# looking to buy a bowfish rig... or find a friend



## Bradley_G (May 24, 2009)

anyone have any suggestions on how/where to get my first bowfishing rig? I've been looking online for used bows, can pick one up for about 100 bucks, but is it worth the thought to get a youth bow? I'm only 5'9" so the draw may not be such an issue, but i was wondering on the draw weight and if youth bows will give me the "umph" to get through the fish. 

I live right on allatoona and have a boat, I'd like to get a rig in the next few weeks and get started, I'm out all the time at night fishing anyways, thought I'd have some bow fun while out there. 

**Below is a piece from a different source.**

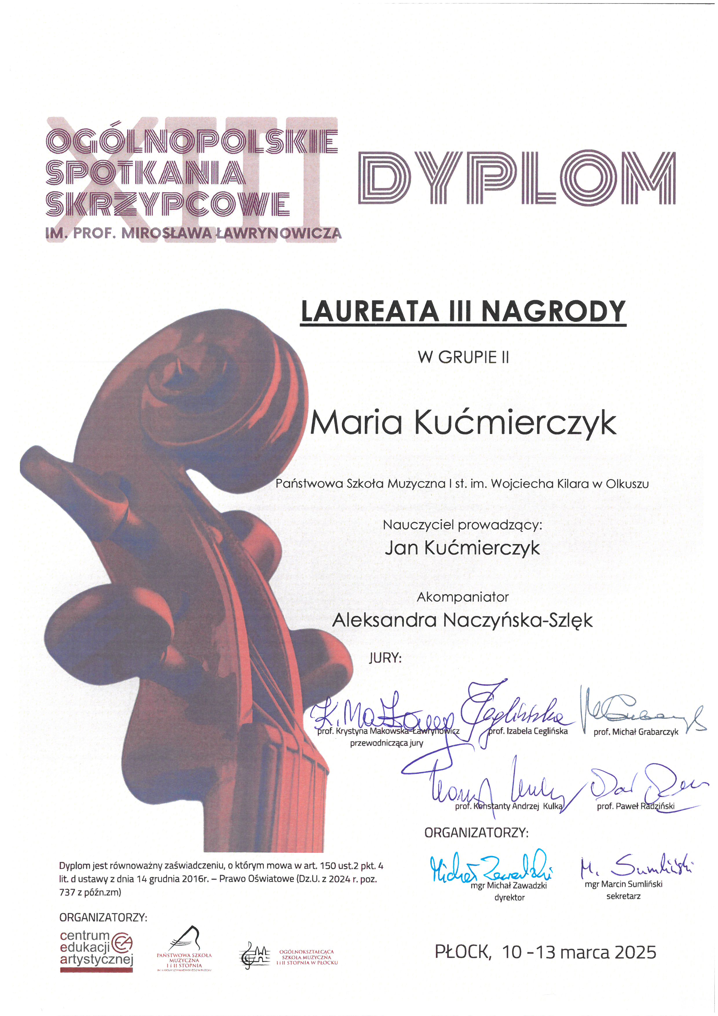 Laureatami III miejsca w grupie II na XIII Ogólnopolskich Spotkaniach Skrzypcowych im. Mirosława Ławrynowicza zostali Józef Kućmierczyk i Maria Kućmierczyk z klasy skrzypiec mgr Jana Kućmierczyka. Gratulujemy!!
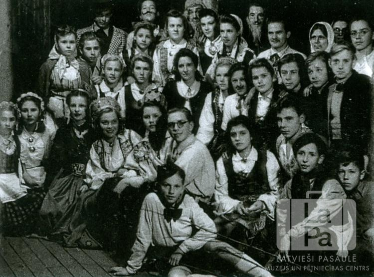 Raunas 78. gaidu un Raunas 81. skautu vienības savā Mārtiņu vakara sarīkojumā Hohfeldes nometnē Augsburgā (amerikāņu zonā). Liela bērnu un jauniešu grupa dažādos tērpos un maskās. Vairākas jaunietes ir ģērbušās tautastērpos. Trešajā rindā, piektā no kreisās (grupas vidū): Anna Cubīna (gaidu vienības priekšniece, vadītāja). Pēdējā rindā, trešais no kreisās (pie staba, ar gaišo parūku): Imants Nīgals (skautu vienības priekšnieks, vadītājs).

Anyone have any used/old/cheap gear that they'd look to sell, or a good idea on getting/setting up my first rig?


----------



## jleach (May 24, 2009)

Try checking the local pawn shops for a bow.  I got my bow for $40.00.  You can find them cheaper than that and sometimes haggle over price but make sure you check it out good and know what you are getting.

John


----------



## bronco611 (May 27, 2009)

*bowfishing bow*

look under archery trade and sale, there is a pretty good setup there for 150. set up ready to go. that is not a bad price for what is available.


----------



## castandblast (Mar 9, 2010)

I have a boat rig that I can take you out on. I used to live in Cartersville, but just moved to south Ga. I still have family there and visit frequently. On the bow set up; you just got to shell out some money. This is an expensive sport for some trash fish! I do have a youth bow that I shoot frequently and Im 6'2. Pm me and I'll try to set something up for you this summer when the water warms up.


----------



## thompsonsz71 (Mar 10, 2010)

i shoot a youth bow... mission menace will straight smack some fish


----------



## Buckaholic2000 (Mar 10, 2010)

Any bow will do you just need something you can turn down to about 40 or 45 lbs and you can get a Muzzy Bowfishing kit for about $110 bucks.  So if you can find an old bow or a youth bow for 30-60 bucks you can get out pretty cheap.  I am working on a boat now PM me later in the year and maybe we can get out on Toona one night


----------



## Flaustin1 (Mar 11, 2010)

I shoot an old pearson colt recurve 50# @ 28" .  I screwed a ams retreiver to the riser and it works great.  you can pick up a good bowfishing bow at dang near any pawn shop but dont skimp on the reel.


----------